With worldview proxies, one possible concern is that Alice could covertly change her worldview such that she becomes rich and all who proxy to her may not know and transact on that basis. For this reason, worldviews must have version numbers that auto-increment when any change occurs, and which must also be specified during the act of proxying. Therefore, any change to the worldview would require others to opt-in to update to the new worldview. Alternatively, worldviews could automatically update and those who maliciously update their worldview with the intent to deceive others could be held accountable by some dispute resolution system.
Computation/storage concerns
The biggest issue I see with this design is the computation required. Even though it is only for a single smart contract (the token service), that service is likely to be the most popular service on any blockchain. A client’s browser could almost be seen as a full node for as many chains as there are worldviews with whom the client must interact.
The following considerations are aimed at reducing browser requirements:
- Signature verification still happens on-chain (as in sovereign rollups), so clients are only required to calculate and verify state transitions.
- The latest state is cached so subsequent synchronization only needs to process the delta to continue calculating for a particular worldview.

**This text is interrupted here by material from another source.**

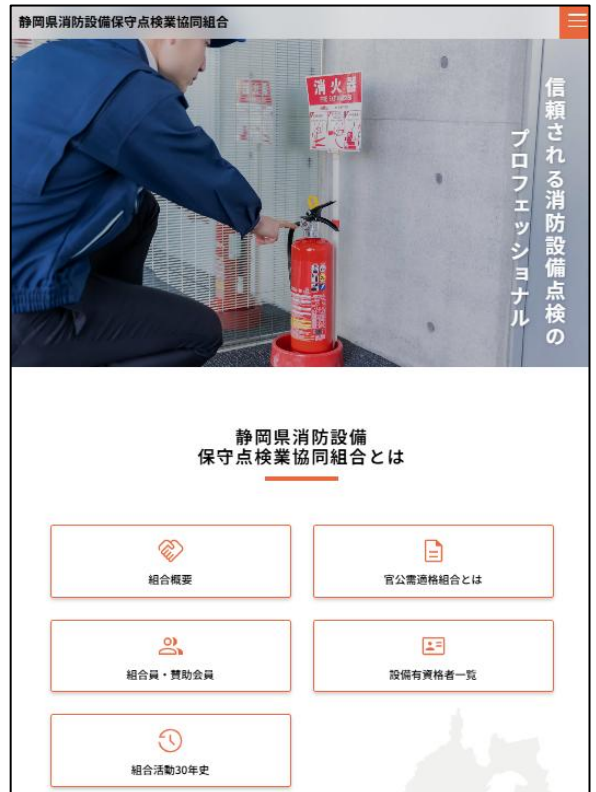
【新 HP のトップページ】

But still, it could be fairly common to interact with someone with a different worldview. If that is the case, it is probably necessary for those who are calculating worldview state to periodically generate validity proofs (such as those used by ZK rollups [5]) to allow others to confirm the correctness of their calculated state transitions without having to separately re-execute transactions. Anyone interacting with that worldview could then simply download the latest validity proof, run a client-side verifier, and then process the remaining transactions since the block height at which the proof was generated.
Conclusion
Blockchains bring transparency to the process of codifying different monetary policies and incentive structures, but philosophical differences result in incompatible forks that operate on different sets of transactions. This divides the world and introduces unnecessary siloing.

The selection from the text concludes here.